Co-Is: H. Zuo, M. Balmaseda, P. de Rosnay (ECMWF)

Abstract: The treatment of ocean observations, particularly at the air-sea interface, and air-sea fluxes is a crucial aspect of coupled ocean-atmosphere models with assimilative capability. Ocean analysis systems rely on thinning or super-observation schemes to average the information from ocean observations towards the scales resolved by the ocean model. A more extensive use of the ocean observing system can be achieved by combining perturbation techniques with an ensemble approach. In this project, an advanced assimilation methods will be developed based on a generic ensemble generation scheme with the focus on providing improved estimation of upper ocean properties by optimising treatment of ocean observations as well as atmospheric forcing fluxes. The method will improve the use of the information from the ocean observing system, assimilate more observations than conventional methods and provide uncertainty estimates. This approach will take into account the uncertainty linked to the representativeness of the observations as well as the uncertainty from the specification of the air-sea fluxes and the sea surface constraints. As a proof of concept, the method will be first applied to an ocean-only reanalysis system before being tested in an ocean-atmosphere coupled system. The uncertainty estimates will be analysed in both systems to identify the potential strengths of the ensemble approach and the impact of coupling in estimating uncertainties. The new ensemble generation method will be evaluated against independent observations, with reference to the CMEMS Global Reanalysis Ensemble Product (GREP). This study will provide a new ensemble generation method applicable to future CMEMS (re)analysis and forecast services, for both global and regional Monitoring and Forecasting Centres (MFCs).

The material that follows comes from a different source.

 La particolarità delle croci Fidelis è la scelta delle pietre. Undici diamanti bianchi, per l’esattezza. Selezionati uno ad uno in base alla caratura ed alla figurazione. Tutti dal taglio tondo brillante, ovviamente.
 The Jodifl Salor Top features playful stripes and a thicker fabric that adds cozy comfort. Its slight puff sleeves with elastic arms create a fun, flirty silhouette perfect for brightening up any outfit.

Project highlight at mid-term:
In ocean analysis systems, a substantial part of the uncertainty comes from the observation representativeness errors that are introduced when matching physical observations to the model resolution. To reduce problems with representativeness, ocean analysis systems rely on super- observation and thinning techniques to average the information from observations towards the scales of the ocean model. Some of this information is lost in the procedure. Within the GENOA project, we have been developing a new perturbation method that, together with an ensemble approach, will better exploit the information from the observing system. The final product will be a generic ensemble generation scheme for ocean analysis.

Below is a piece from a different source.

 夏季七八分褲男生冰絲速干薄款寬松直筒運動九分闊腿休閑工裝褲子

This new method has now been implemented in the ECMWF ocean data assimilation system. It works on both sea surface and subsurface observations. Sea ice concentration data, for example, are usually ingested in the analysis system using a thinning method with a fixed sampling interval (around 0.5 ̊) in both latitudinal and longitudinal directions (Figure 1a). A random sampling method has been imbedded in the thinning scheme (Figure 1b). Together with an ensemble approach, the new scheme uses a greater variety of observation and produces ensemble spread that represent reasonable uncertainties in sea ice concentration (Figure 1c). On the vertical, the current pre-defined vertical thinning scheme (opa0 on Figure 2) has evolved into a stratified random thinning around each thinning level (opa1-to-4 on Figure 2). This method, together with an ensemble approach, allows to exploit the full vertical resolution of the profile observations.

Figure 1. (a) Daily-averaged gridded SIC data over the Arctic region from CMEMS OSTIA as assimilated in the ECMWF ORA system using a regular thinning. (b) SIC data as assimilated in the new system using the random thinning method for one specific ensemble member. (c) Ensemble spread of SIC (in %) over the Arctic region in a 5-ensemble member sensitivity experiment using a random sampling of SIC data. As one would expect the uncertainty is more substantial at the sea- ice edge and close to the continent.








Figure 2. Illustration of the vertical sampling method used in the ECMWF ORA system and overview of an alternative method based on a random sampling. From left to right, are plotted the vertical sampling by the model grid between 50m and 70m depth, the standard pre-defined thinning in the ECMWF ORA system (thinning grid), the sampling by a CTD probe (raw profile) and the regular (opa0) and random sampling in four realizations (opa1 to opa4).